I really don't get it.
Started using computers when that was the only affordable way to use computers.
For some reason, some people really love to live in 1970's with their expensive HiDPI monitors.
I wasn't alive in the 70s, but I still prefer a terminal.
I can string together a complex series of text-related tasks far more effectively as a shell pipeline than I can by pointing and clicking in a UI. I can scale that sequence of tasks out to operate on every file on the filesystem if I want, or down to a single character in a single file.
Claude Code being a full-featured TUI is also helpful because I can quickly/easily use it remotely via SSH without having to deal with setting up X forwarding, VNC, Parsec, etc. The remote host doesn't even need to have a window manager. Sure, it'd be nice if it also had an elegant multi-page GUI so I could more easily drill into the actions its performing and make better use of my large screen to watch it do multi-agent things, but if I have to choose between the two, I prefer the TUI.

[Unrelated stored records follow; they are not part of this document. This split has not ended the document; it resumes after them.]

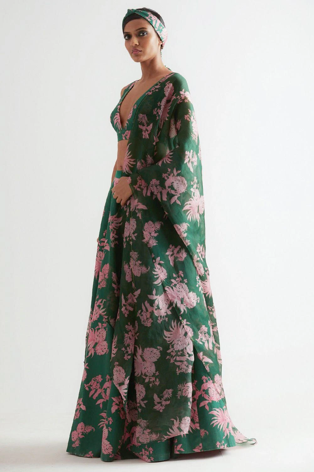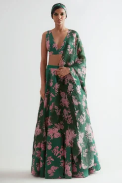 Look like a lush green garden blooming with the beauty of it’s flowers in this sigiriya green blouse and lehenga. Ideal for destination weddings and for bridesmaids looking for a fun yet luxurious piece to wear at their friend’s sangeet or mehendi.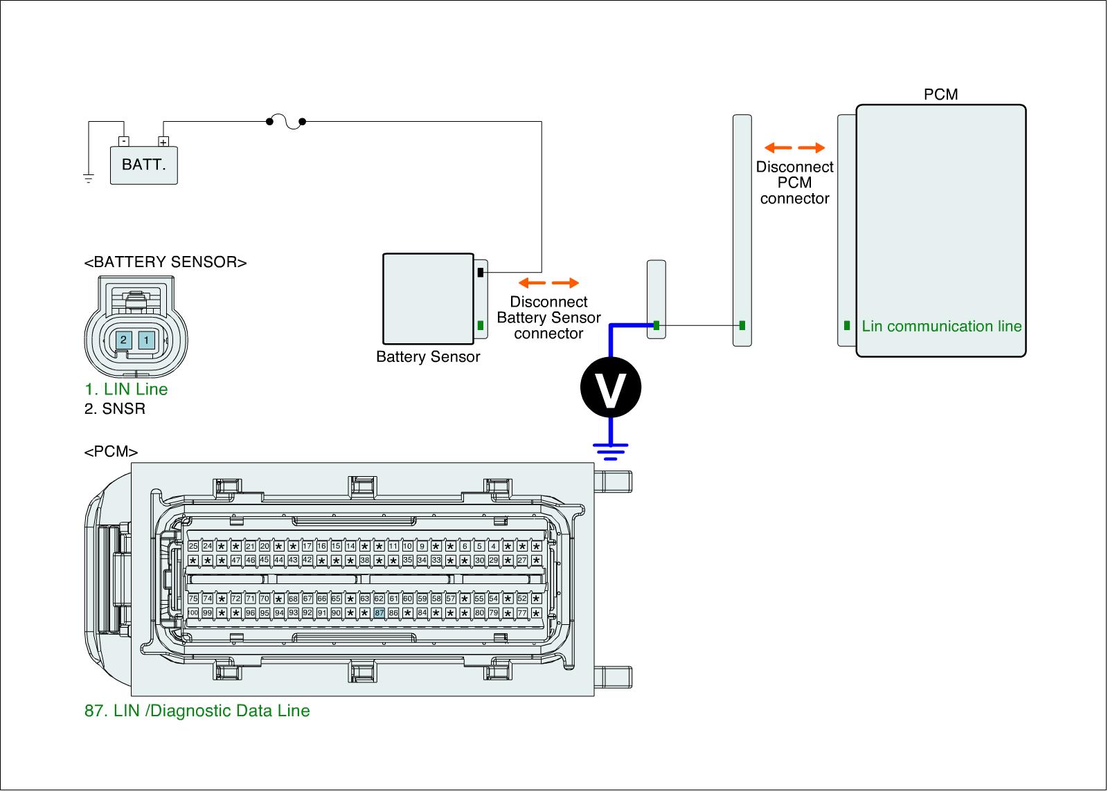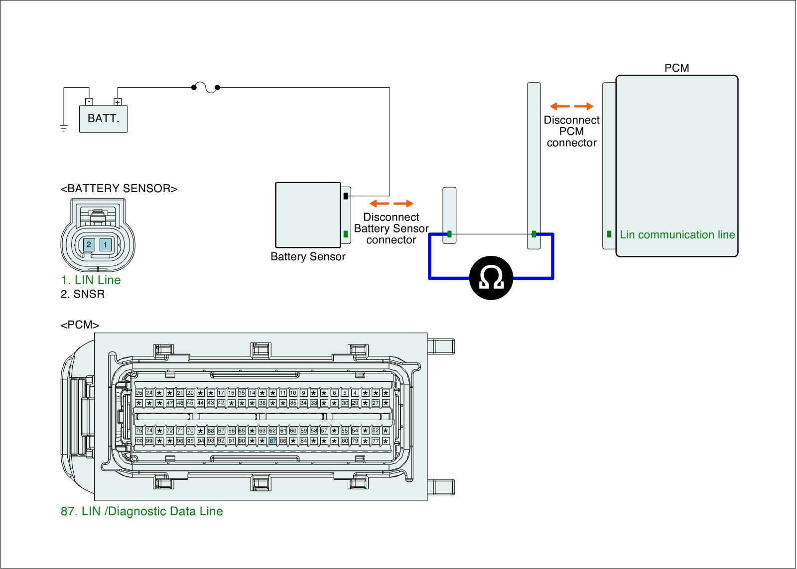 2. Check resistance between LIN terminal of battery sensor harness Connector and PCM harness connector.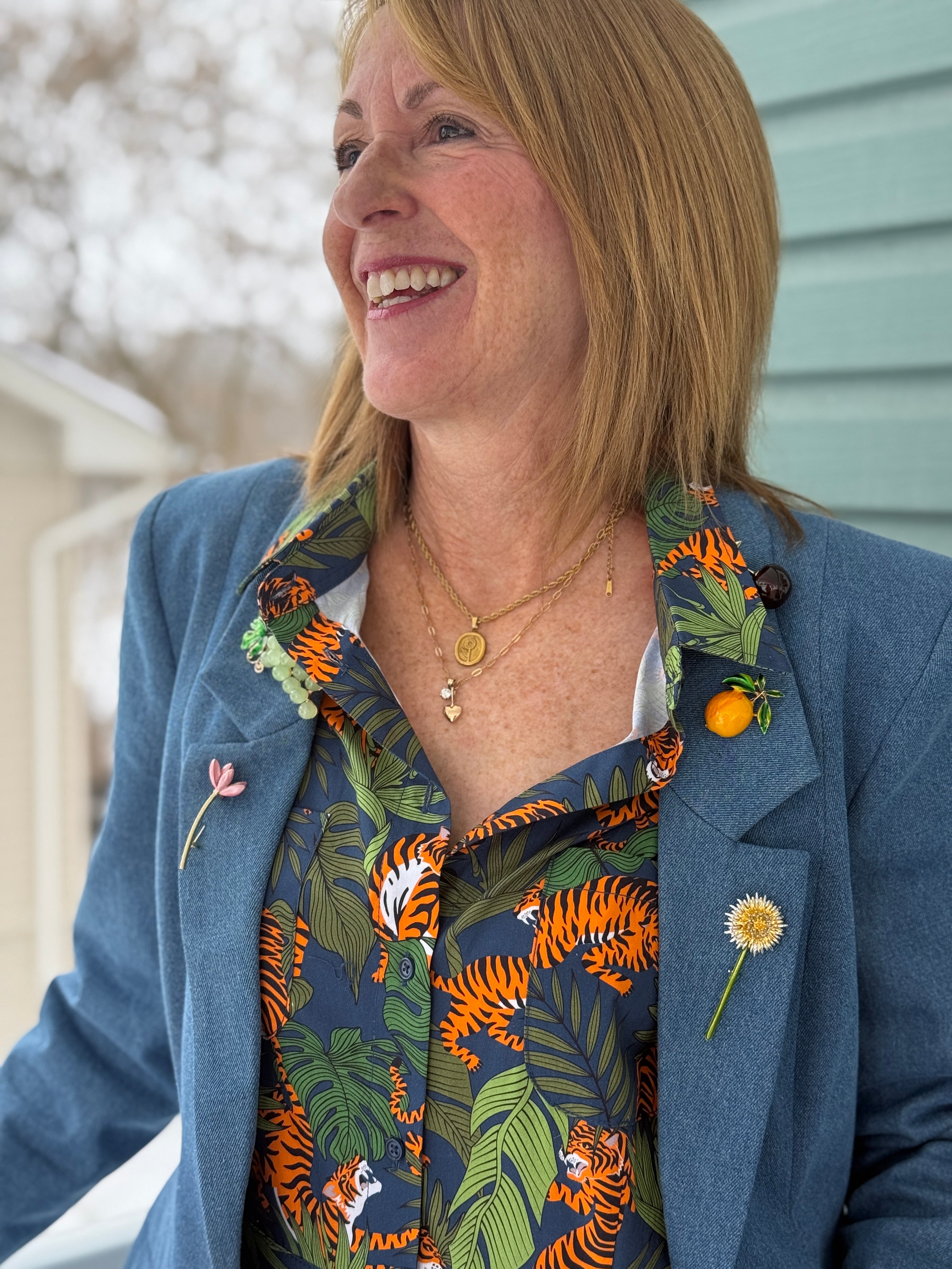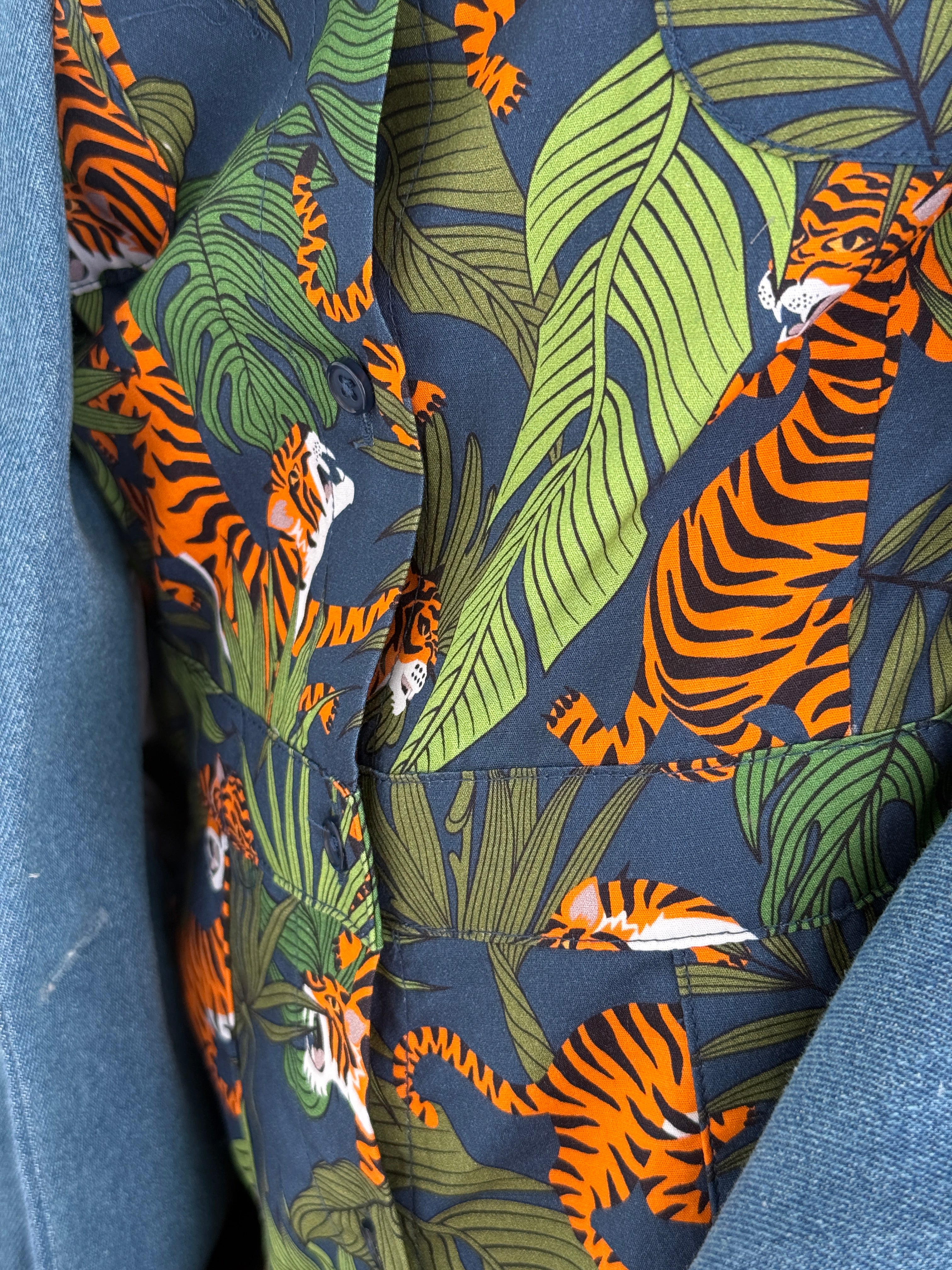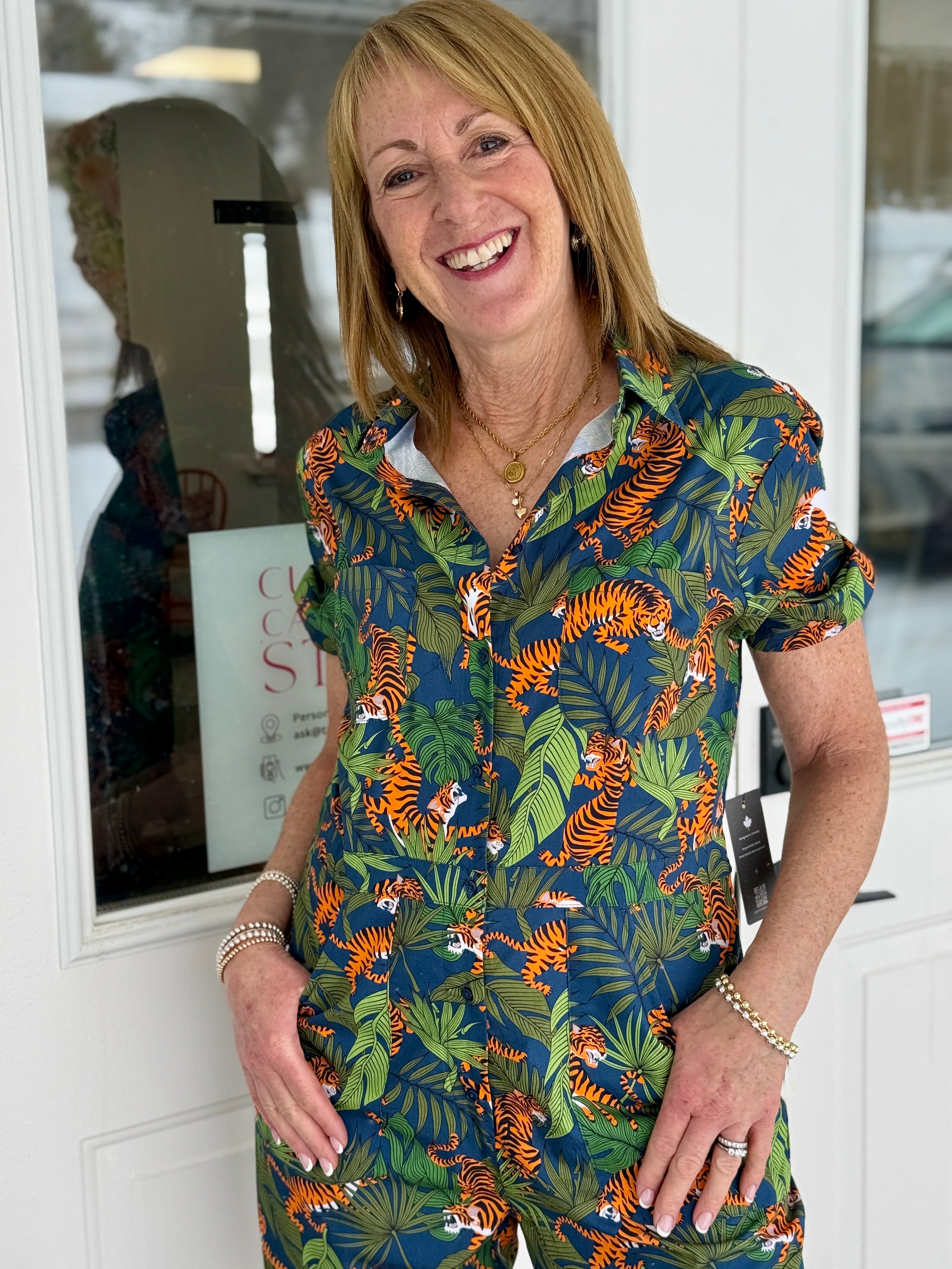 ROAR! Meet the jumpsuit that refuses to blend in. This collared, button-front beauty features Poplin & Co’s signature hand drawn tiger print — wild tigers prowling across a rich navy backdrop with lush greenery. It’s bold, vibrant, and guaranteed to turn a sidewalk into your runway. Designed with patch pockets, elbow-length sleeves, and a stretch waistband in the back for an easy, flattering fit, this piece gives you polish without the fuss. It’s that magical alternative to a dress or the usual jeans-and-a-blouse combo — one and done, out the door, looking fabulous. Add sneakers for daytime cool or a heel for instant wow. Consider this your spring power move.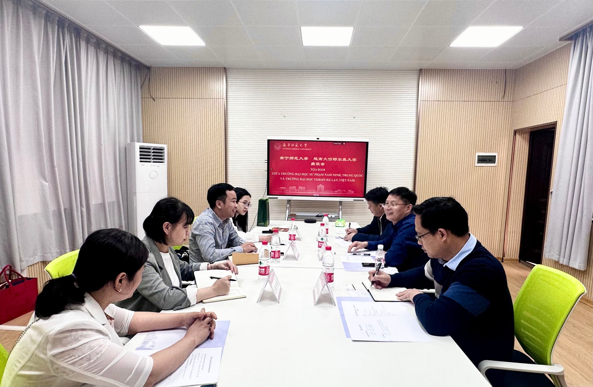3月4日下午,越南大叻耶尔森大学外国语与东方学系阮伟通主任一行4人到我校访问。我校国际交流合作处处长、国际教育学院院长杨绪明,国际交流合作处副处长/国际教育学院副院长陈传忠及国际交流合作处相关工作人员,在明秀校区外语楼109会议室接待了来访代表并进行了会谈。

That said, I'd much rather use a GUI to do things that are actually visual/spatial in nature.
I don't mind a GUI (as long as it isn't an obnoxiously large ribbon or anything) - but if I'm doing work my input device is the keyboard. I don't want to interface with software through moving a mouse pointer when I can just tell it what to do with a few keystrokes.
It might be overcompensation. I think UI, UX and GUIs got better up until the 90s, and early 2000s, but then somewhere GUIs suddenly got a lot worse. So a modern CLI is better and more standardized than a modern GUI.
And some of us love to live in the 1970s with cheap non-HiDPI monitors (or maybe it's just me).
Because it's all keyboard based. Depending on your field of work a good UI can be very different.
A few years ago I watched an account work through my companies numbers using their accounting software. It's entry method? A windows commander like tool. The menu options like add expense etc were all numbered. So he never left the numeric part of his keyboard.
The tool looked super old and obsolete but as soon as you see a power user use it, you see why.